The United States imported $6.5 billion worth of wine in 2018, equal to 17 percent of total wine imports worldwide. We like our Rioja from Spain, Bordeaux from France, and Italian Vernaccia as much as our California counterparts.

Instead of toasting, American wine importers — and the many businesses that rely on imported wine, from distributors to wine shop owners to restaurateurs — are protesting. Why? Because the administration was seriously considering raising tariffs to 100 percent on a range of imported Euro

pean products, including French, German and Spanish wine.

Imported European wines are already more expensive due to a 25 percent the U.S. Trade Representative (USTR) imposed in October 2019. The wine industry is concerned that raising the tariff to 100 percent will cost thousands of jobs as the higher prices on European wines knock out a large chunk of the industry’s wholesale and consumer sales.

A drunken trade brawl

European wine is but a pawn in a decades old trade dispute. In October, the World Trade Organization (WTO) found that Airbus, a European aerospace corporation and Boeing’s big rival, had illegally received over $22 billion in state-sanctioned subsidies.

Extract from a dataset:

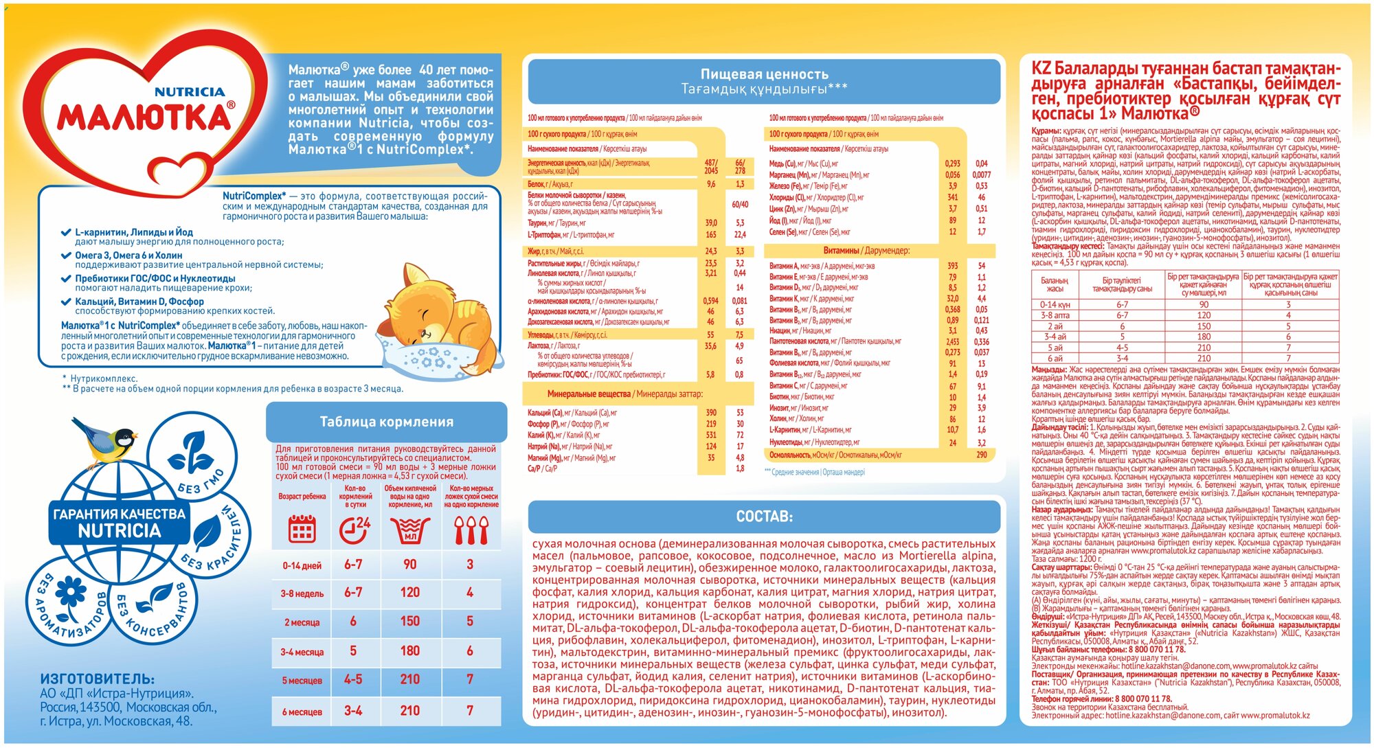 • В качестве углеводных компонентов выступает мальтодекстрин и лактоза.

The WTO authorized the United States to apply retaliatory tariffs on as much as $7.5 billion worth of European exports each year until the subsidies are removed.

Under U.S. law, the USTR must review and possibly revise (maybe increase) or “rotate” the list of products subject to tariffs after 120 days, known as “carousel retaliation,” to ensure the tariffs are causing enough pain to induce a negotiated resolution.

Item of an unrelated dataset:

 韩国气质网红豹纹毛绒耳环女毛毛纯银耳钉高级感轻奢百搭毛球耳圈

Even if wine were spared a tariff increase in the aircraft case, a new front has opened in this trade brawl. In July last year, France announced its Digital Services Tax, a tax of three percent on revenues generated in France by a digital company, independent of where that company was established. The tax appears targeted at American companies like Google and Facebook and was denounced by President Trump. When it became clear France had no intention of backing down, the U.S. administration threatened tariffs of up to 100 percent on popular European imports — including wine.

Value of US wine imports

Friends don’t let friends retaliate

The U.S. wine industry is getting whiplash from the prospects of cross-retaliation in this trade war. The Europeans are also awaiting a WTO verdict on their case against Boeing subsidies that could authorize tariffs on U.S. imports. One-third of total U.S. wine exports, some $469 million worth, come from California shipping wine to the European Union, making it a prime target for retaliatory tariffs. The European Union could also decide to counter with tariffs in protest of the U.S. response to France’s digital tax.

Wine tariffs will not age well

An attack on wine strikes at the hearts of many. French and Italian wines alone account for one-third of the $70-billion U.S. wine market. The very biggest wine distributors may be able to afford to absorb the cost to remain competitive, but smaller importers and distributors will have a much harder time. The higher costs are passed along to distributors, drivers, specialty retailers, supermarkets and hotels, hitting everyone from the specialist Italian wine store to the French bistro that makes its margin on alcohol sales to the forklift operator in the warehouse. Wine sales also generate local and state tax revenue, particularly in states like Mississippi and Pennsylvania where the Liquor Control Board is the main wine buyer and seller.

In January, House Small Business Committee Chair Nydia M. Velazquez (D-NY) and eight Committee Democrats sent a letter to U.S. Trade Representative Robert Lighthizer voicing their fears about the tariffs’ impact on small businesses in the United States. They project that even the original 25 percent tariff could cost as many as 12,000 American jobs. A 100 percent tariff could risk 78,000 American jobs.

The 106 bipartisan members of the Congressional Wine Caucus also got together in January to send their own letter to Lighthizer, urging him to leave wine out of the sanctions, emphasizing the potentially crippling effects on America’s $220 billion wine economy.

Risk to wine chain of 100% tariff

Reason to celebrate?

Last week, the USTR made a sobering decision not to raise tariffs on imported European wines as part of the carousel review.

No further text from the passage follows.